Abbiamo detto in parte perché dall’altra, invece, c’è sempre un segmento di noi che si radica sempre più in se stesso e, consapevoli o meno, ci accaniamo a mantenerlo immutato, quale fosse lo zoccolo duro di tutta la nostra esistenza.

Guardando I Figli del Fiume Giallo, ultima e somma opera di Jia Zhang-ke, il regista contemporaneo che con il suo terzo occhio ha saputo raccontarci nel corso degli anni una vicinissima e lontana Cina in una trasformazione continua, abbiamo sentito scorrere l’acqua di quell’antico fiume nel quale tutti noi abbiamo attinto la nostra esistenza e al quale più e più volte siamo voluti tornare. 

Fotogramma dopo fotogramma, abbiamo accompagnato Qiao, figlia di un minatore, interpretata dalla sublime e bellissima Zhao Tao, nello scorrere della sua evoluzione che nel film è concentrata in diciassette anni di narrazione, dal 2001 al 2018.

Tutto inizia a Datong, cittadina dello Shanxi, destinata a rimanere desolata per la chiusura delle miniere e la conseguente delocalizzazione dei suoi abitanti: un momento tragico per chi ha vissuto sempre di quel lavoro, un’opportunità diversa per i giovani che vogliono abbandonare certe abitudini e guardano con fascinazione sempre maggiore all’Occidente.

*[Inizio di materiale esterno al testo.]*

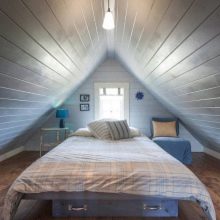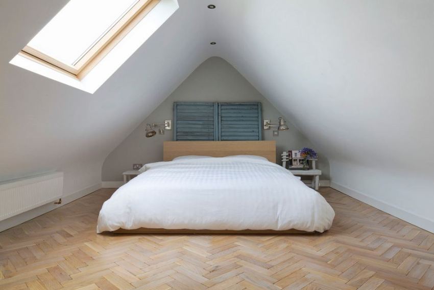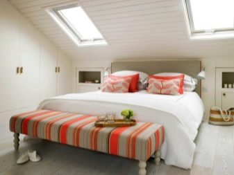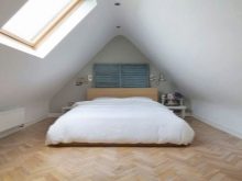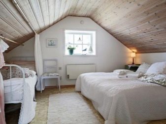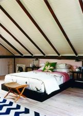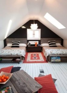 Wenn Sie ein Schlafzimmer auf dem Dachboden machen, ist es rational, Betten in Bereichen mit einer schrägen Decke zu installieren, dies spart ein wenig Platz.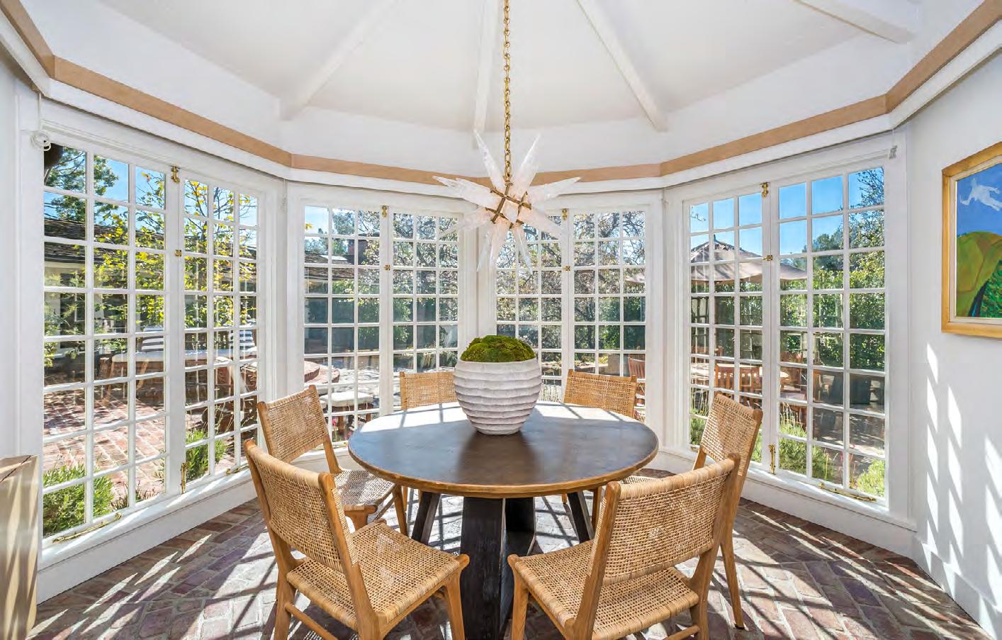La sala de estar, el comedor y las habitaciones familiares fluyen juntas con pisos de madera y piedra pulida, chimeneas y amplias ventanas con vistas a los exuberantes jardines. La cocina del chef, muy bien equipada, ofrece una barbacoa interior. Un desayunador circular da a los perales en flor.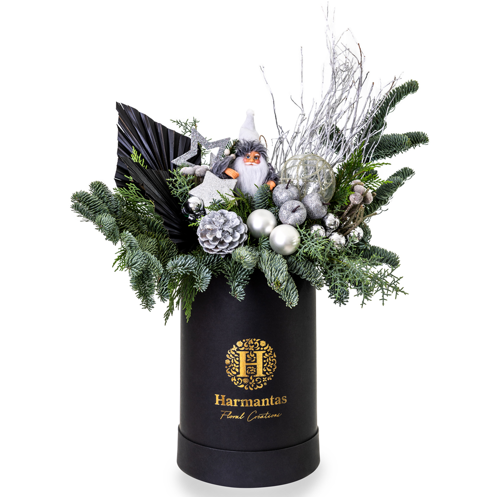 Γιορτινό μαύρο κουτί με ασημί-μαύρη σύνθεση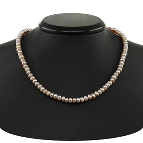 Жемчужные бусы из натурального темно-розового жемчуга, форма которого называется кукуруза. Диаметр бусин 6мм, длина изделия 42см.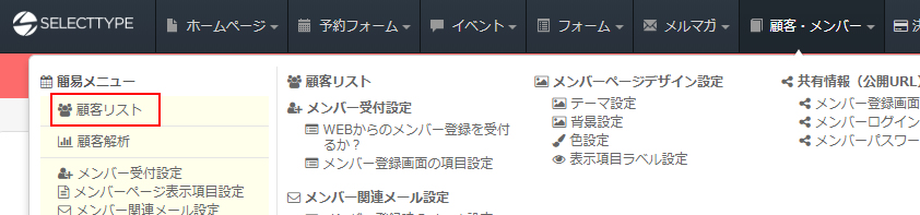 上部メニュー「顧客・メンバー」⇒「顧客リスト」をクリックします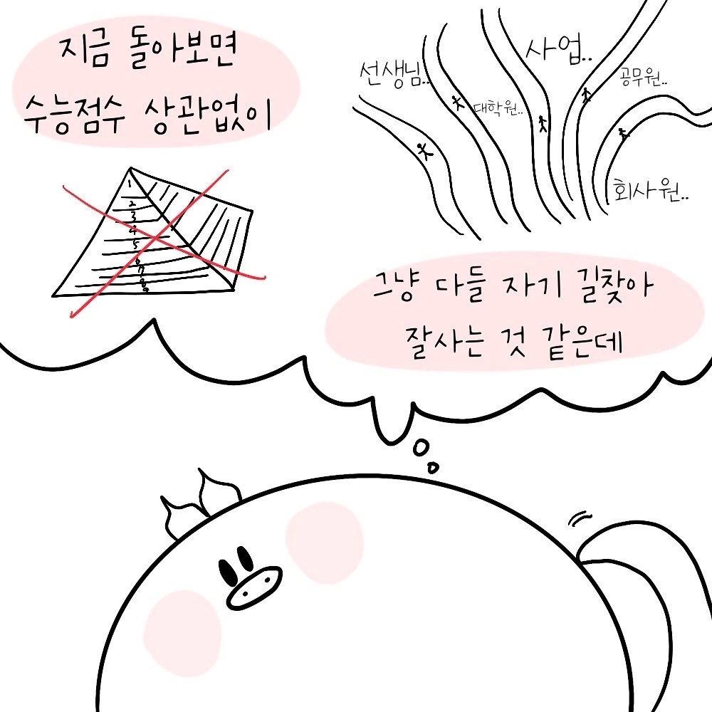 그러니 수능에 그렇게까지 목을 맬 필요가 없었던 것 같다. 이제와 주변을 둘러보면 수능을 잘보든 못보든, 점수에 상관없이 당차게 자기 사업을 하기도, 전혀 다른 전공과 학교로 편입을 하기도, 공무원 시험을 보기도, 회사에 취직하기도 한다. 음대를 나와 개발자가 되고, 배우출신이 선생님이 되는 것도 보았다. 그저 모두들 자기 배에 올라타 자신이 가고싶은 방향으로 열심히 노를 저으며 살아가는 것이다. 생각해보면 어차피 수능점수란 상대적인 것이라 잘본 기준도, 못본 기준도 다 제각각이다. 그러니 잠시 구덩이에 빠졌다는 생각이 들어도 웃으며 에라 잘됐다, 하고 내친김에 누워 낮잠이나 자자 하고 누워버리면 그만이지 않을까. 그리고 어느 길로 갈까 고민도 해보다가, 떠날 때가 되면 비축해둔 힘으로 힘차게 구덩이를 빠져나와 걸어나가면 된다. 그저 웃으면서 씩씩하게 걸어나가며 살면 그뿐인 것 같다고 생각하는 요즘이다.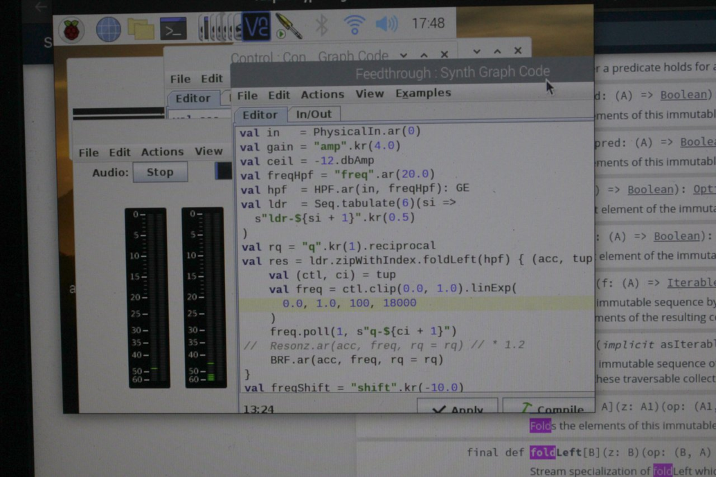 The picked up sound is run through a set of band-rejection frequency filters tuned according to the different signals of the light sensors mounted in the window frame. This signal is amplified and sent through a cable to the other side of the room, running through a transducer on the metal bar that is now suspended in the opened gate.

Di certo un contesto difficile che, come abbiamo osservato anche per altri film ambientati in luoghi e culture differenti, è fin troppo tristemente simile a realtà a noi molto vicine: se mancano cultura, educazione e stimoli la reazione umana sarà sempre all’insegna della violenza e della delinquenza.

Qiao è la donna di Bin (Liao Fan) piccolo boss locale che gestisce bische e che è unito alla sua banda da un forte codice d’onore e un altrettanto senso di fratellanza. Tali sentimenti molto radicati anche nella nostra protagonista la fanno essere fin dall’inizio una tipa molto “tosta” e perfettamente calata nel ruolo di compagna di chi conta, il suo perfetto alter ego femminile; non c’è bisogno che vi dica che molte serie televisive, soprattutto quelle di ultima generazione ci hanno abituato a ruoli di questo genere, generando degli stereotipi non propriamente positivi.

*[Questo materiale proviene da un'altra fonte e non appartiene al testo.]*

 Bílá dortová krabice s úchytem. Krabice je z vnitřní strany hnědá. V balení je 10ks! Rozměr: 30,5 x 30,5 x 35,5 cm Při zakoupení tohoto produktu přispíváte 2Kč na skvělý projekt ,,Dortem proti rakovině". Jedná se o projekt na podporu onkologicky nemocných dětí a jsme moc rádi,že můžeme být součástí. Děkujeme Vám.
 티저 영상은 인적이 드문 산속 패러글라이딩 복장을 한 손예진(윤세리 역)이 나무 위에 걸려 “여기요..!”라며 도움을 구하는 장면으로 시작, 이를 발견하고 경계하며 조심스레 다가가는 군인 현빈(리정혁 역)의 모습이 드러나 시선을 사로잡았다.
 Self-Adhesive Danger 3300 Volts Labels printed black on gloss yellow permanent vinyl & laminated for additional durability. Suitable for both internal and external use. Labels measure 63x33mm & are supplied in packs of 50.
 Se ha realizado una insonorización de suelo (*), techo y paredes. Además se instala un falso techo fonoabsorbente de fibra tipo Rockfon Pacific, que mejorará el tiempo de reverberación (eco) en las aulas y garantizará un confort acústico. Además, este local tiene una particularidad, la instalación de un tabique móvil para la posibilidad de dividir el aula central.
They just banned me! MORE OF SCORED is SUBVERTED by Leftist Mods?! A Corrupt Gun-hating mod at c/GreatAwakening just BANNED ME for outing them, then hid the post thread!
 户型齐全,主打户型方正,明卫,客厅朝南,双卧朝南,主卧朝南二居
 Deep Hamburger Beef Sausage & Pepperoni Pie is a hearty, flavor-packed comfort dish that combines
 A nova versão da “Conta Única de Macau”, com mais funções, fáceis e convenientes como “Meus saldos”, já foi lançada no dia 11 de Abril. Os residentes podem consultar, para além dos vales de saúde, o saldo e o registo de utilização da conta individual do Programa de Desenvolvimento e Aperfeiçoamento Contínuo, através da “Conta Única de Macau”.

A un certo punto, però, gli eventi cambiano le sorti di tutti: Qiao si trova costretta a sparare per difendere il proprio compagno. Non uccide nessuno ma per la legge cinese il solo fatto di detenere illegalmente un’arma vale il carcere: cinque anni nel caso della nostra protagonista durante i quali a farle compagnia ci sono stati solamente i suoi ricordi e l’inesorabile scorrere delle giornate. Pagato il suo debito con la giustizia Qiao vuole riprendere a vivere esattamente da dove aveva smesso, ma purtroppo nulla è più come prima.

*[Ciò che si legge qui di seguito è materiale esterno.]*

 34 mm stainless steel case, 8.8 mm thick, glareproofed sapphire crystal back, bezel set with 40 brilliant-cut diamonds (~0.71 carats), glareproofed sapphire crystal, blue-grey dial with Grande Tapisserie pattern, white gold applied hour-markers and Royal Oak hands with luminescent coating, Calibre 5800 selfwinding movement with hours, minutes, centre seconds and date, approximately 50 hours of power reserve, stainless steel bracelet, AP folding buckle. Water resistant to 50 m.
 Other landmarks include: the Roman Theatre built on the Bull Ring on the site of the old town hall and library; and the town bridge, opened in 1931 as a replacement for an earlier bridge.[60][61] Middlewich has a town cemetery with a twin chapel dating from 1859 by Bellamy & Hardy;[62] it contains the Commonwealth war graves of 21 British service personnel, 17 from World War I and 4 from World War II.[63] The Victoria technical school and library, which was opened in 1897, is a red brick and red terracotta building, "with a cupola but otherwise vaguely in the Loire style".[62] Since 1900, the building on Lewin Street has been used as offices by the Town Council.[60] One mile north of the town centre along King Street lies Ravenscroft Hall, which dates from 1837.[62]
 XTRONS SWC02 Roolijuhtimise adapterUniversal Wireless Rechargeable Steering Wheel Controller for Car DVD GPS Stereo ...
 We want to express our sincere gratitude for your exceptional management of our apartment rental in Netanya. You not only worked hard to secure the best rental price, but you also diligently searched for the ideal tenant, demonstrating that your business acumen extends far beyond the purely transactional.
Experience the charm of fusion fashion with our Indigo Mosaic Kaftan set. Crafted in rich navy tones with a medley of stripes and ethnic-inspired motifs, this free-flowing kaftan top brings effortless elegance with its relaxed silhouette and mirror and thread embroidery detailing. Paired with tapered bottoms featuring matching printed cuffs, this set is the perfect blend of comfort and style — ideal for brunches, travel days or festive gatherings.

Bin ha un’altra e, malgrado le recriminazioni, le accuse, le continue iniezioni di senso di colpa e l’accanimento sentimentale che la porta quasi a pietire il suo ritorno, Qiao trova la forza per mollare ciò che non è stato e non sarà mai e riappropriarsi di se stessa; un percorso lungo, lento, doloroso ma vincente perché quando rinasciamo diventiamo più brillanti e forse anche stelle comete per chi abbiamo incontrato lungo il nostro cammino e spesso attiriamo nuovamente verso di noi chi credevamo perduto, ma con un altro spirito, un altro sé, un’altra forza, un’altra era della nostra vita.

Panta rhei.

Presentato a Cannes 2018 e designato “FILM DELLA CRITICA” dal Sindacato dei Critici Italiani, sarà in sala dal 9 maggio ed è distribuito da Cinema di Valerio De Paolis.